ジョーカーを所持していた人が死亡するとジョーカーを殺害した人にジョーカーのカードはうつり

その人が持っていたカードは亡くなったジョーカーだった人が所有していたことになります。

そのためペアだった人も死亡します。



死亡したペアのカードは翌日の午前6時に皆様に公表されます。




残りの3人になった段階でジョーカーが1人を殺害=1ペアの死となるので、ジョーカーの勝利。

逆にジョーカーが殺害されると1ペア=2人の勝利。


残ったジョーカー(1人)もしくは1ペア(2人)が勝者となります。





ここで厳正な進行の為に皆様に守っていただく注意点になります。



守らなかった場合、その瞬間に該当者ペアの死を意味しますので注意してください。

なお該当者の死 ペアになるプレイヤーの死は皆様のカードに埋め込まれている特殊なチップより電気が流れます。痛みはなく一瞬なので安心ください。
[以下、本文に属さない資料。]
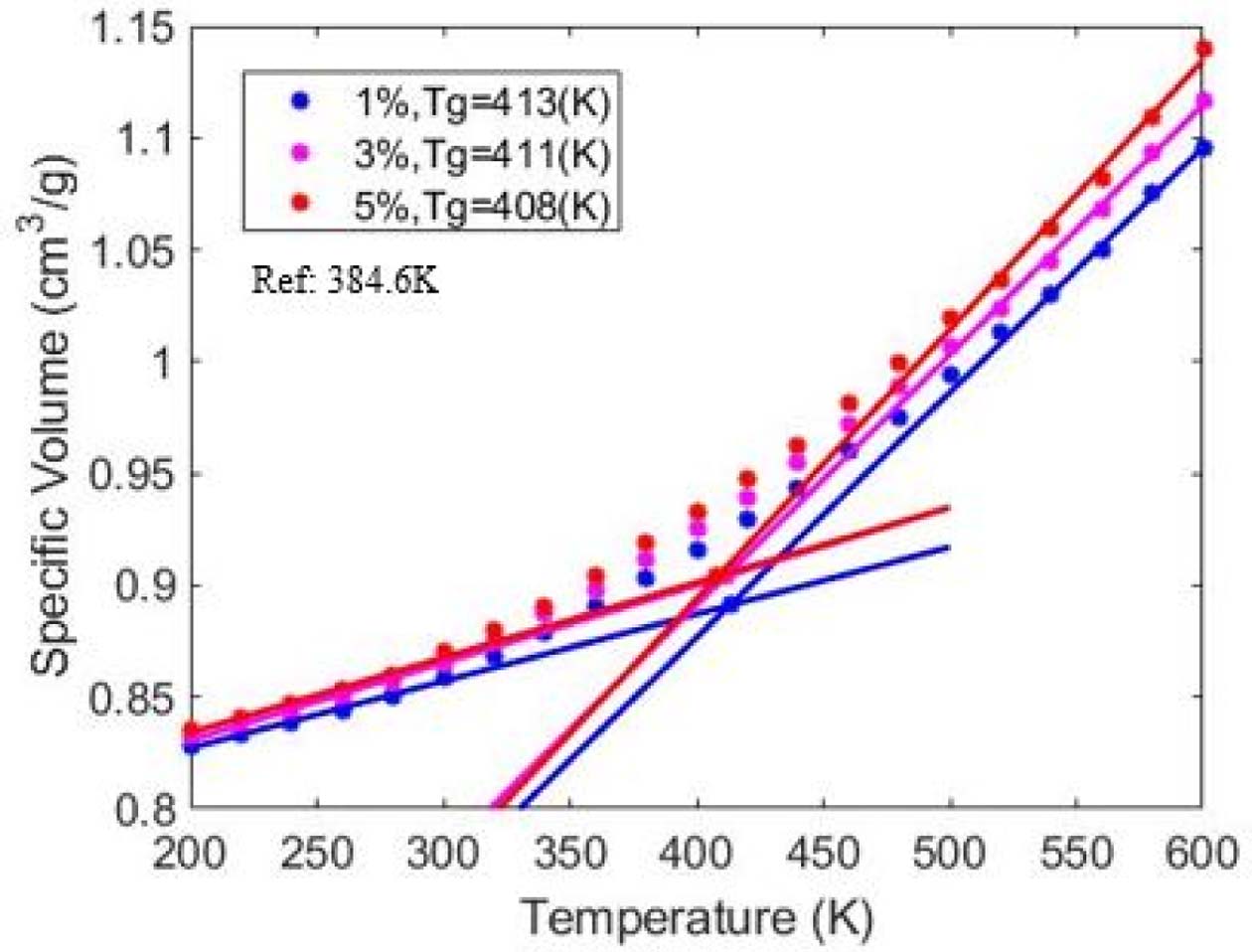 자유 라디칼 중합 알고리즘을 통해 생성된 고분자 구조에 대해 large-scale atomic/molecular massively parallel simulator(LAMMPS)[20] 시뮬레이터를 이용하여 유리전이온도와 기계적 물성을 계산하였다. 유리전이온도는 실험과 동등한 방법인 cooling down 시뮬레이션을 통해 구하였다. 고분자 구조를 cooling down하는 과정에서 온도에 따른 부피 변화의 기울기가 변하는 지점을 고분자의 상변화가 일어나는 온도로 가정하였다. Cooling down 시뮬레이션은 고온의 600 K에서 저온의 200 K까지 1 × 1011 K/s의 cooling rate로 수행되었다.

1.他人に自分のマーク、数字を教えるのはいけません。

2.夜10時〜朝6時までジョーカー以外のプレイヤーは自分の部屋から出てはいけません。

3.ここは山奥の廃ホテルです。

敷地から出ることはなりません。

4.カードは肌身離さずお持ちください。

カードの破棄、置き忘れを感知した瞬間に電気がながれます。



殺害補助として各自部屋にはひとつ武器を用意しております。お役立てください。


それでは本日朝6時をスタートとします。


なお、この放送は録音によるものです。

皆様53名以外は誰1人いませんので安心してください。


それでは頑張ってください。]




カチ…カチ…


ロビーに飾ってある時計の秒針の音だけが聞こえる





「…6時って今からじゃねーか!」



どこからともなく聞こえた声に便乗してみんなが騒ぎ出す。


こうして逆ババ抜きなるゲームが開始された。